I nodded. “Let’s see what, exactly.”
There were nine crates in three stacks. I lifted the top crate off the nearest stack and Villanueva got busy with his claw hammer. He pulled the lid off and I saw a bunch of AK-74s nested in wood shavings. Standard Kalashnikov assault rifles, well used. Boring as hell, street value maybe two hundred bucks each, depending on where you were selling them. They weren’t fashion items. I couldn’t see any guys in North Face jackets trading in their beautiful matte-black H amp;Ks for them.
The second crate was smaller. It was full of wood shavings and AKSU-74 submachine guns. They’re AK-74 derivatives. Efficient, but clunky. They were used too, but well maintained. Not exciting. No better than a half-dozen Western equivalents. NATO hadn’t lain awake at night worrying about them.
The third crate was full of nine-millimeter Makarov pistols. Most of them were scratched and old. It’s a crude and lazy design, ripped off from the ancient Walther PP. The Soviet military was never much of a handgun culture. They thought using sidearms was right down there with throwing stones.
“This is all crap,” I said. “Best thing to do with this stuff would be melt it down and use it for boat anchors.”
We started on the second stack, and found something much more interesting in the very first crate. It was full of VAL Silent Sniper rifles. They were secret until 1994, when the Pentagon captured one. They’re all black, all metal, with a skeleton stock. They fire special heavy nine-millimeter subsonic rounds. Tests showed they penetrated any body armor you chose to wear at a range of five hundred yards. I remember a fair amount of consternation at the time. There were twelve of them. The next crate held another twelve. They were quality weapons. And they looked good. They would go really well with the North Face jackets. Especially the black ones with the silver linings.
“Are they expensive?” Villanueva asked.
I shrugged. “Hard to say. Depends on what a person is willing to pay, I guess. But an equivalent Vaime or SIG bought new in the U.S. could cost over five grand.”
“Then that’s the whole invoice value right there.”
I nodded. “They’re serious weapons. But not a lot of use in south-central LA. So their street value might be much less.”
“We should go,” Duffy said.
I stepped back to line up the view through the glass and out the back office window. It was mid-afternoon. Gloomy, but still light.
“Soon,” I said.
Villanueva opened the last crate in the second stack.
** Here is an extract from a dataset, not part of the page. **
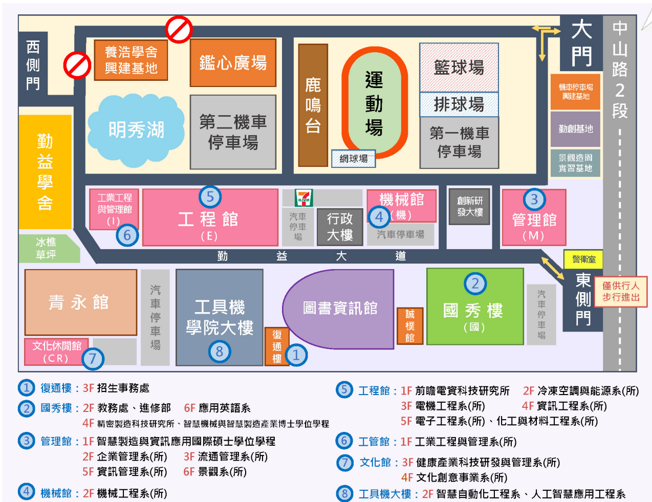
圖 2 校園位置圖
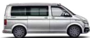
璀璨銀 | 8E8E

“What the hell is this?” he said.
I stepped over. Saw a nest of wood shavings. And a slim black tube with a short wooden section to act as a shoulder rest. A bulbous missile loaded ready in the muzzle. I had to look twice before I was sure.
“It’s an RPG- 7,” I said. “It’s an anti-tank rocket launcher. An infantry weapon, shoulder-fired.”
“RPG means rocket propelled grenade,” he said.
“In English,” I said. “In Russian it means Reaktivniy Protivotankovyi Granatomet, rocket anti-tank grenade launcher. But it uses a missile, not a grenade.”
“Like the long-rod penetrator?” Duffy said.
“Sort of,” I said. “But it’s explosive.”
“It blows up tanks?”
“That’s the plan.”
“So who’s going to buy it from Beck?”
“I don’t know.”
“Drug dealers?”
“Conceivably. It would be very effective against a house. Or an armored limousine. If your rival bought a bulletproof BMW, you’d need one of these.”
“Or terrorists,” she said.
I nodded. “Or militia whackos.”
“This is very serious.”
“They’re hard to aim,” I said. “The missile is big and slow. Nine times out of ten even a slight crosswind will make you miss. But that’s no consolation to whoever else gets hit by mistake.”